DataContext currently supports:

- manual query instrumentation with `trace_query(...)` and `capture_query(...)`,
- wrapping explicit data-access functions with `instrument_function(...)`,
- SQLAlchemy engine instrumentation through the optional `sqlalchemy` extra,
- native PostgreSQL connection instrumentation through the optional `postgres` extra,
- native BigQuery client instrumentation through the optional `bigquery` extra,
- Dagster execution context attribution through the optional `dagster` extra,
- dbt execution context attribution through the optional `dbt` extra,
- native Snowflake connector instrumentation through the optional `snowflake` extra,
- JSONL, callback, and OpenTelemetry-oriented sinks,
- correlating query events with runtime context and active OpenTelemetry spans.

Other database drivers are not automatically instrumented yet.

## Planned Integrations

Other database clients, ORMs, and data-platform libraries will be prioritized from real usage.

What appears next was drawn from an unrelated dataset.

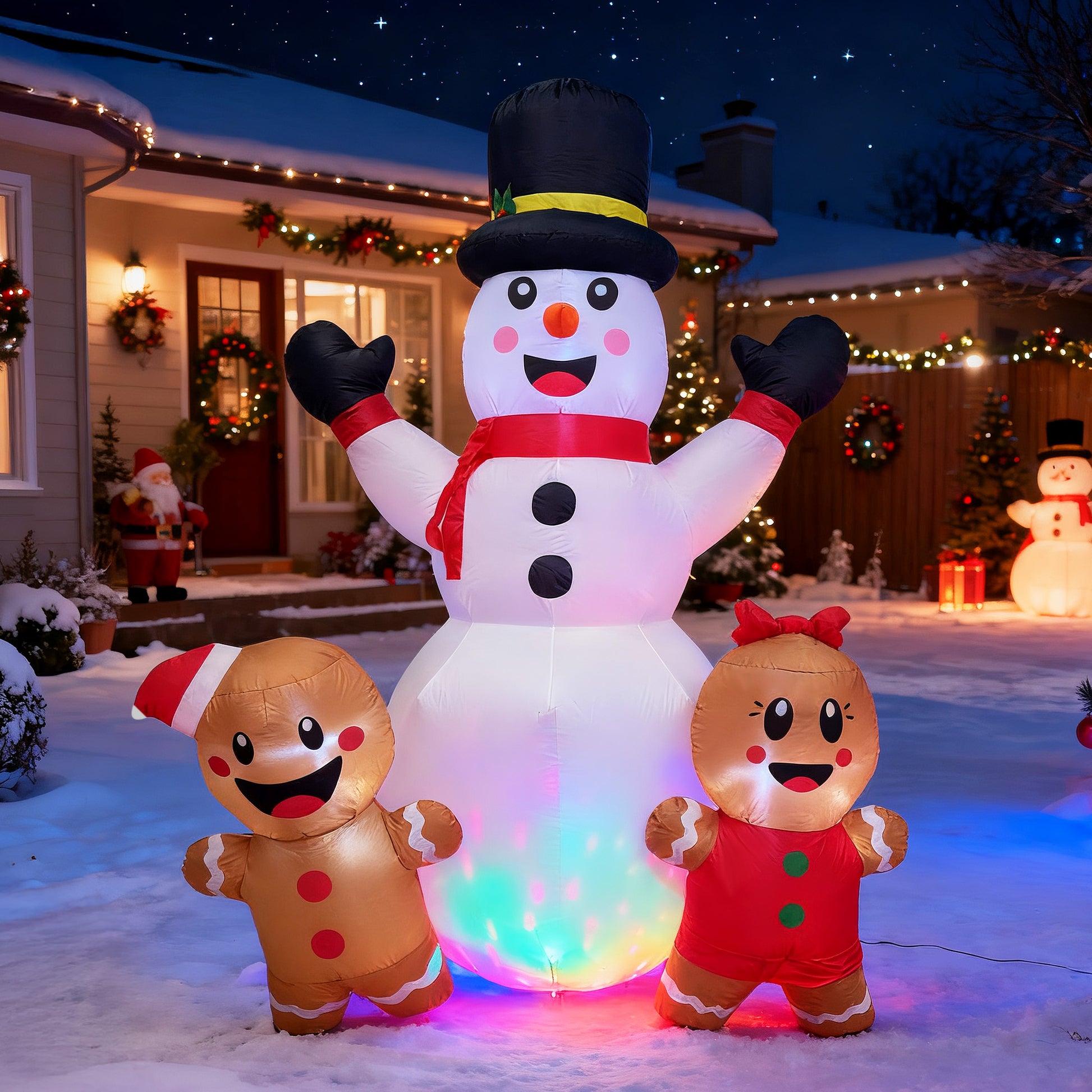 BeePrincess 7FT Christmas Inflatable Snowman & Gingerbread Men Set - Outdoor LED Decor with Adorable Trio for Yard, Garden Winter Decorations
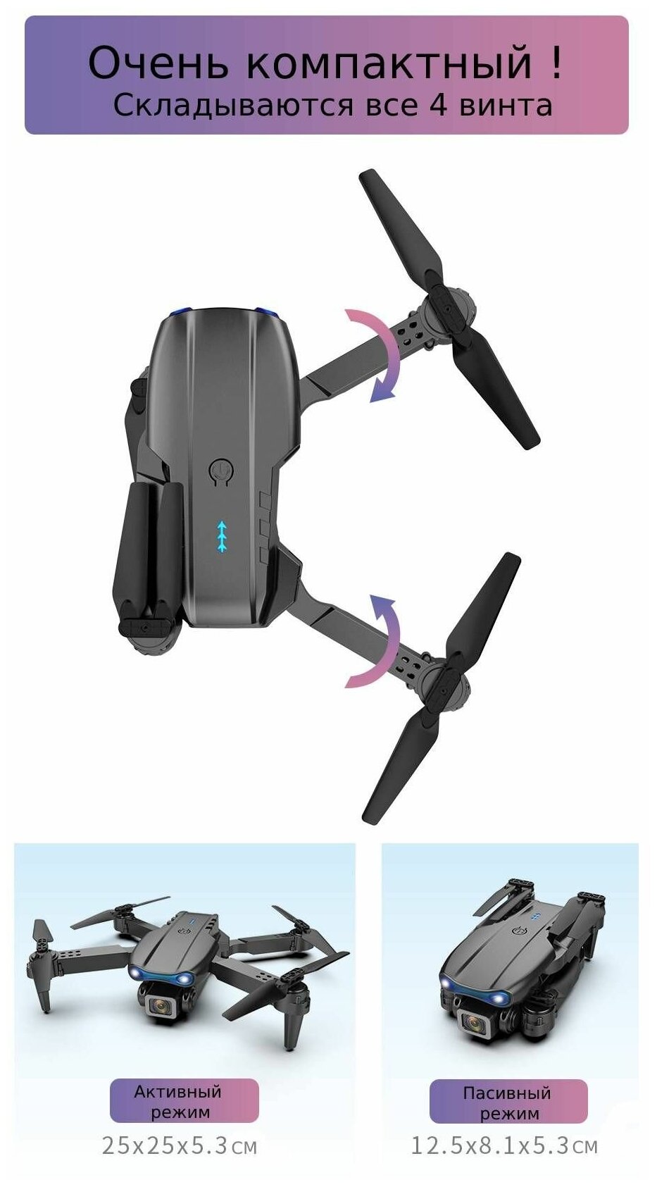 Квадрокоптер - дрон E99 pro с камерой HD Wi-Fi черный - 2 аккумулятора интересное:

Use [GitHub Discussions](https://github.com/data-context-hq/datacontext/discussions) or [feature requests](https://github.com/data-context-hq/datacontext/issues/new?template=feature_or_integration_request.md) to share the library, data-access pattern, sync/async behavior, and event fields you need.

## Add Runtime Context

DataContext is most useful when queries are connected to runtime context:

```python
from datacontext import context

with context.use(
    operation="checkout",
    actor="user:123",
    request_id="req_abc",
    attributes={"tenant": "acme", "region": "us-east-1"},
):
    run_business_logic()
```

Any query captured inside the context includes that attribution.

## Event Shape

DataContext emits one final event per query, at finish or error time.

Every normal event includes:

- `event_name`, `timestamp`, `started_at`, `ended_at`,
- `service_name`, `environment`, `db_system`, `client`,
- `query_fingerprint`, `duration_ms`, `callsite`, and `status`.

The `timestamp` is the event finish time and matches `ended_at`. By default, events also include sanitized `query_text`; it can be disabled globally or per captured query. Optional fields are only present when DataContext can derive them or when the caller supplies them.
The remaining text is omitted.